Savona. Fumata nera per la situazione del trasporto pubblico locale della provincia di Savona. Anche l’incontro di oggi in Prefettura con i sindacati non ha portato a nessun risultato sperato.
Tutto è cominciato quando la Regione ha annunciato che a causa della manovra del governo sarebbero stati tagliati 3,5 milioni di euro dal bilancio della Tpl. A quel punto l’azienda ha presentato ai sindacati una manovra molto dura che avrebbe pesato per lo più sulle spalle dei lavoratori e a svantaggio dei servizi per l’utenza annunciando esuberi e un taglio di 300 euro al mese di contratto integrativo, oltre che ad un aumento del biglietto del 30% e una flessibilità ancora più esasperata sui turni di lavoro degli autisti.
Il prefetto Claudio Sammartino a fine ottobre aveva già tentato una mediazione, che però non aveva portato i risultati sperati.

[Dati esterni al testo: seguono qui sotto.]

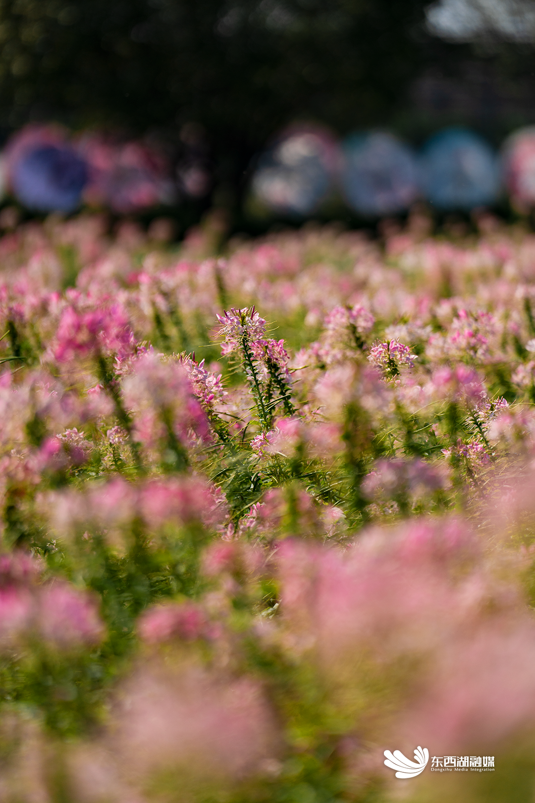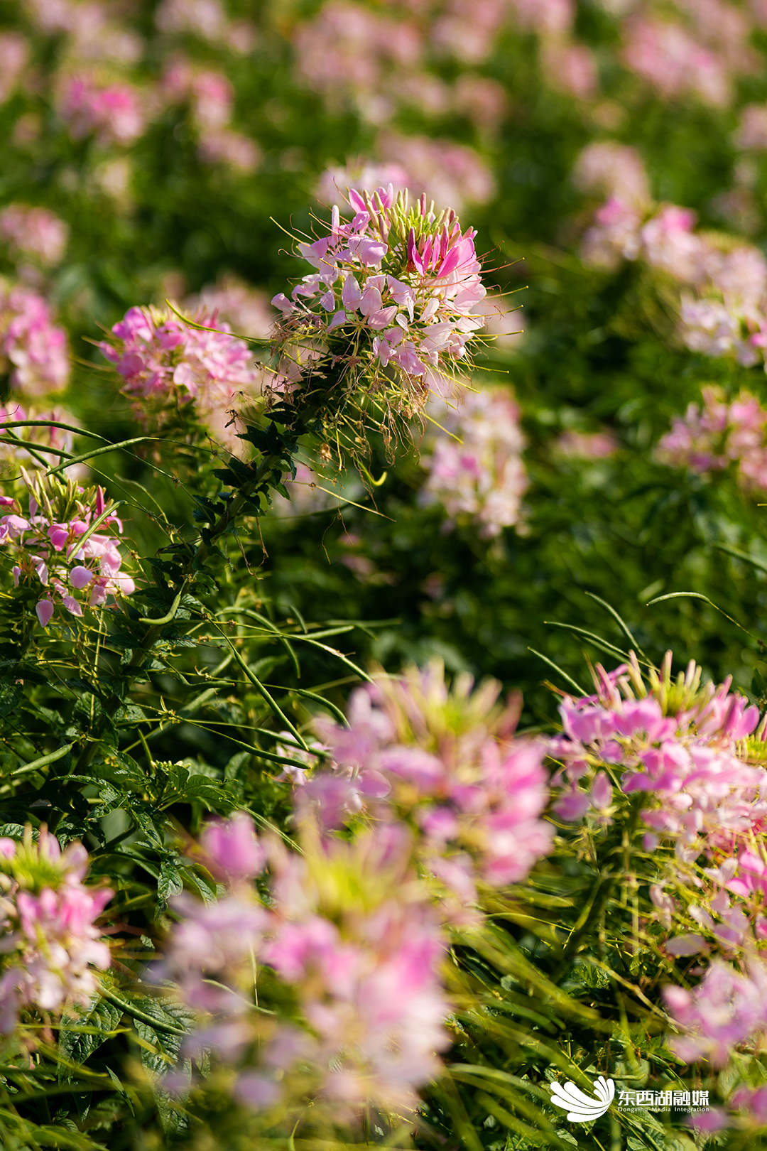 繁茂的醉蝶花也是粉色花海的当红主角。

Questo mattina nel Palazzo del Governo savonese ancora un incontro dopo la massiccia adesione dello sciopero odierno dei mezzi pubblici. Presenti i sindacati e il capo di gabinetto Alessandra Lazzari.

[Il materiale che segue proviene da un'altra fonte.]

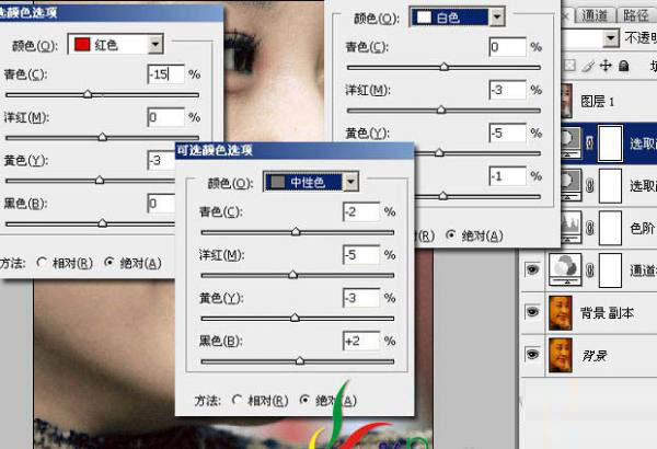 3、再建可選顏色,方法:絕對,調整如下:

Mario Schivo, segretario della Cgil Trasporti, al termine dell’assemblea ha fatto il punto della situazione: “I sindacati hanno ribadito le loro posizioni, il fatto è che la vertenza esula dalla dialettica aziendale in quanto dipende dai tagli imposti dalla manovra finanziaria”.
“Mai come in questa amministrazione si sono investite risorse su un settore delicato come il trasporto pubblico – ha commentato il sindaco di Savona Federico Berruti, tirato in ballo dai sindacati per una forte azione degli enti pubblici azionisti – ma nessuno ha la bacchetta magica. Ovviamente il periodo di crisi economica non ci aiuta, è solo lavorando uniti che troveremo una soluzione”.
Intanto è stato fissato per il 16 novembre l’incontro in Regione Liguria con l’assessore ai trasporti Enrico Vesco per quantificare l’entità dei tagli che ricadranno sul trasporto pubblico savonese.